Three things to read off the plot:

  • The curve crosses the dashed \(\chi^2_{1,0.95}\) cutoff at the two red dotted lines — these are the profile-CI endpoints by construction (_confint_profile solves exactly \(2\,(\hat\ell - \ell_p(v)) - 3.84 = 0\) on each side via scipy.optimize.brentq).

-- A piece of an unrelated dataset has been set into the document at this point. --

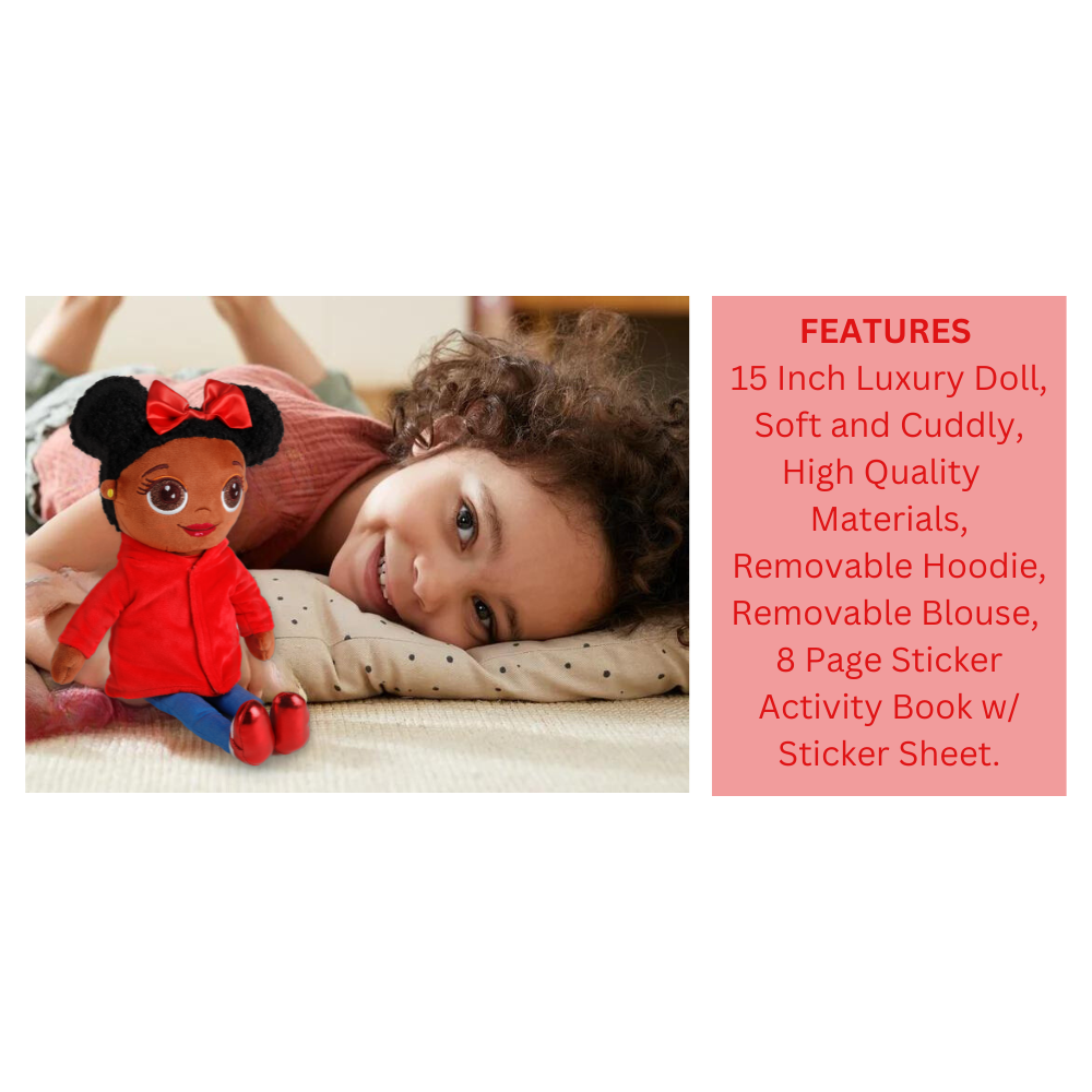 - INCLUDES: 15" Plush Doll, Removable Jacket, Removable Blouse, and Sticker Activity Book w/ Sticker Sheet.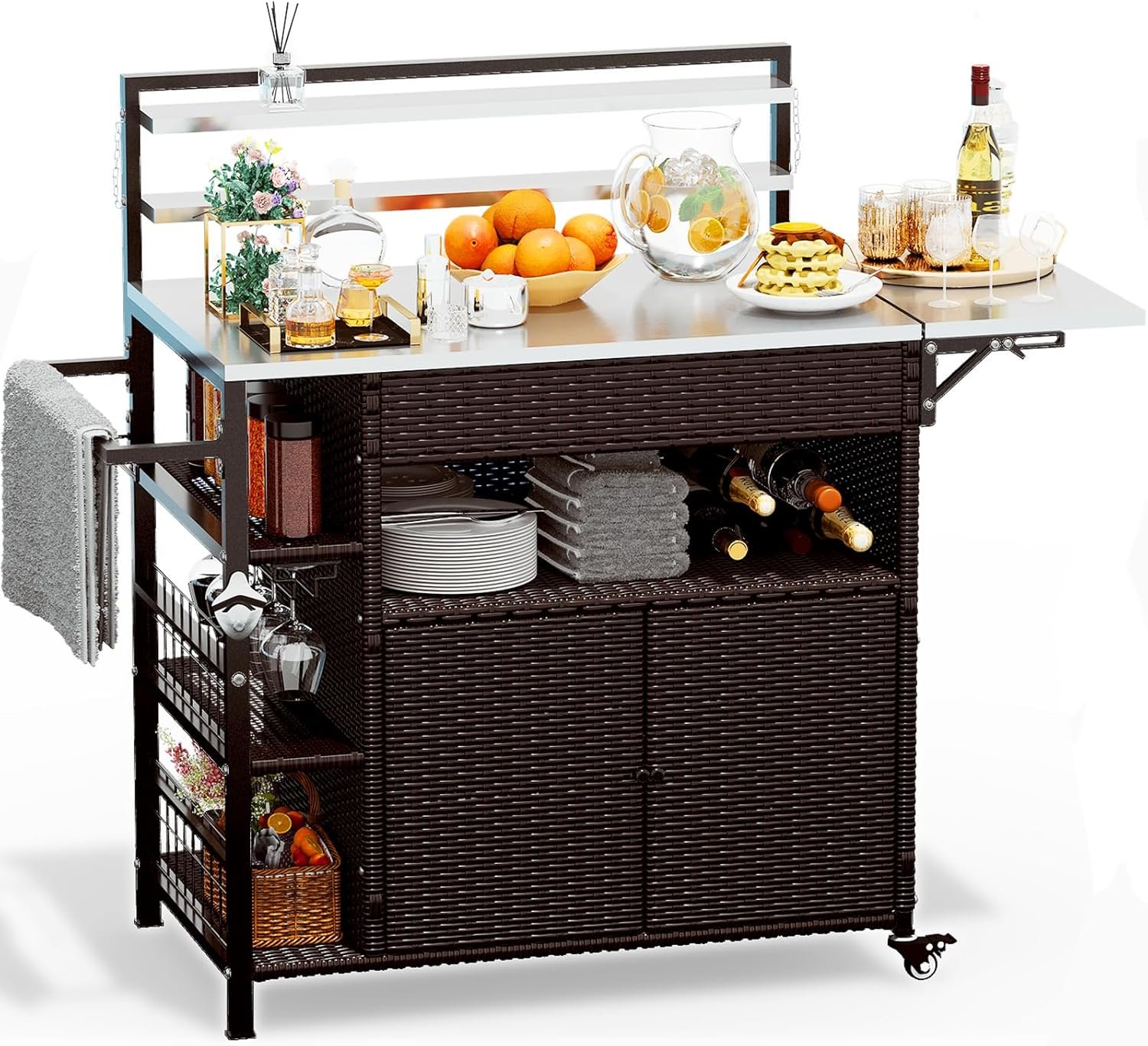 60” Outdoor Grill Cart with Storage, Patio Kitchen Island on Wheels&Spice Rack, Wicker Outdoor Grill Cart with Extended Stainless Steel Table Top Outdoor for Home Party Outside BBQ Bar

  • The right arm of the profile curve is visibly flatter than the left, which is exactly what the positive skew in the table records. A symmetric Wald paraboloid (blue dotted endpoints) misses this: the upper Wald endpoint sits inside the profile region while the lower Wald endpoint sits outside it.

  • On Bs4, profile is shifted to the right relative to Wald — the baseline coefficient can take values further above \(\hat\theta\) than the symmetric approximation allows, because the only thing shrinking the right tail is the next-up boundary \(\theta_4\) has little neighbour to push against.

4. When to prefer each interval type#

Cost per parameter

Honours asymmetry

Robust to mis-specified link

Robust to active constraints

Wald

one inversion of \(H\) at \(\hat\theta\)

no

no

no — fails on monotonicity boundaries

Sandwich

one inversion of \(H\) + one \(s s^\top\) accumulation

no

yes

no — same singular bread as Wald

Profile

\(\approx\) 10 constrained refits

yes

partially (still uses \(\ell\))

yes — refits under the pin

Practical rules of thumb that follow from the table:

  • Default to Wald for fast triage and well-identified covariates (\(\beta_x\) above: all three methods agreed to 0.01).

  • Reach for sandwich when you suspect distributional mis-specification — heavy tails relative to the base distribution, residual heteroskedasticity not captured by scaling=, etc. See also the `scaling-terms vignette <05_scaling_terms.ipynb>`__ for explicit modelling of heteroskedasticity, which often is the better answer than sandwiching.

  • Reach for profile when (i) the Wald and sandwich CIs disagree on width despite the link looking right, (ii) the parameter sits near a boundary (Bernstein coefficients, scaling \(\gamma\) at the identification frontier, etc.), or (iii) you need to report a CI that you can defend as inversion of the LR test. Pay the extra ~10× cost on a parm=[j] subset rather than the full vector unless \(p + q\) is small.

Profile and Wald CIs are R-parity tested against tram::Coxph / tram::BoxCox / tram::Colr in tests/test_confidence.py to rtol = 1e-3; the sandwich estimator is checked against sandwich::vcovHC(..., type = "HC0") in the same file.